Now which ones, Paul? The ones at Colossae, “who are at Colosse.” Well, let's talk about Colossae. We have to understand a little bit of background about it. We don't know when it was founded, but it was already in existence in the days of Xerxes, who was the king of Persia from 486 to 465 B.C. So about 500 years before Christ was born Xerxes, who incidentally is the same as Ahasuerus, the king during Esther's time - at that time Colossae was in existence. It was still there in Paul's day. So, it was an old city. It was located about a hundred miles from Ephesus. Now, if you want a general area in your mind, it's in what today would be known as Turkey, and what in Paul's day was known as Asia Minor, just across from Macedonia. It was located, as I said, about 100 miles from Ephesus, and the river Lycus joined another river called the Meander, for you that are history buffs or geographically inquisitive. Lycus and Meander rivers, right in that little valley, three important cities grew. One was called Hierapolis, the other was called Laodicea, and the third was called Colossae. That little triad of cities occupied that little area; it was in the area of Phrygia in the Roman province of Asia Minor.
Now, the area was known for two things, and we can relate to the first one: earthquakes. Earthquakes destroyed Laodicea many times. The second thing that it was known for was from the Lycus River there were chalk deposits that were left. And some historians have said that they left amazing configurations all over the area where the water would spill out, and it would rise at flood time, and it would leave this chalk, and all kinds of strange formations that looked like monuments would result. Now, on the land where there wasn't any chalk, the land was super fertile and they grew pasture there and had excellent, excellent pasture land for sheep, and it became the wool center of the ancient world. And they used the chalk, also, for making dyes. They would raise the sheep, get the wool, and then dye the wool right there. Interestingly enough, by 400 A.D. - 400 years after Christ - Colossae no longer existed - totally out of existence. And today, I'm not sure, there's a little debate about this, but I'm not sure today that conclusively anybody can even find the ruins. We can find the ruins of Laodicea and Hierapolis, but not of Colossae apparently.
It was a Gentile city, but there are estimates that in those three cities there could be as many as fifty thousand Jews, and the reason they estimate that is they found some papers about a tax that the Jewish community there was sending back to Jerusalem. And by the amount of the tax they can deduct how many Jews there would have been in order to give that amount, and they estimate about fifty thousand Jews. So, there would be a large Gentile population and a rather large Jewish population. So, there were the saints in Colossae.

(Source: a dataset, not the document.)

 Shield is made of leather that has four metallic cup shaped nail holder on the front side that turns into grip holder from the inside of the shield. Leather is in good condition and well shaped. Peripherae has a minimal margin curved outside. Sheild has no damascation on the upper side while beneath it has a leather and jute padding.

Not a famous city; a very insignificant one. And in the day of Paul it was a nothing place, it was totally insignificant. It was on the way down to its extinction. How did the church get started there? Well, let me give you just a quick look at that. On Paul's third missionary journey, he went to Ephesus. Ephesus was a great center of Asia Minor. And Paul went there on his third journey, and he stayed there for three years. Remember? During the three years that he was in Ephesus, he never visited Colossae, as far as we know, but people started coming to him from all over Asia Minor. And do you know that during those three years the church at Ephesus was founded, and all seven churches of Revelation 2-3 were founded. You have Ephesus, Laodicea, Smyrna, Philadelphia, Pergamum - all of those – Thyatira; all of those churches were founded during that time, and so was the church in Colossae, and so was the church in Hierapolis. They were all outgrowths of Paul's ministry on his third missionary journey as he ministered there.

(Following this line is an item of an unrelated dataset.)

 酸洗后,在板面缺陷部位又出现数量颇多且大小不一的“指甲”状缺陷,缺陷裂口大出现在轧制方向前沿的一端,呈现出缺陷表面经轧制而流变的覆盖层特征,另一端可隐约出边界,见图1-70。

In Acts chapter 19, verse 10, it says - and this is part of his ministry there in Ephesus - "And this continued for the space of two years." This was the first part of it, "so that all they who dwelt in Asia" - that's Asia Minor, a province - "all that dwelt in Asia Minor heard the word of the Lord Jesus, both Jews and Greeks." Verse 26, when they wanted to throw him out, they said, "Morever you see and hear, that not alone in Ephesus, but almost throughout all Asia Minor, this Paul has persuaded and turned away many people, saying they are no gods which are made with hands." So, it is the comment of Luke in verse 10, and it is the comment of his persecutors in verse 26 that his gospel had filled the whole of Asia Minor. From the vantage point of Ephesus people would come hear the gospel and go back. From Colossae came a group of people - Epaphras, Philemon, Apphia, Archippus. From Laodicea came Nymphas. All of them received Christ under the ministry of Paul. All of them went back to be used of God to begin churches. The most influential person in the beginning of those three churches in those cities was Epaphras.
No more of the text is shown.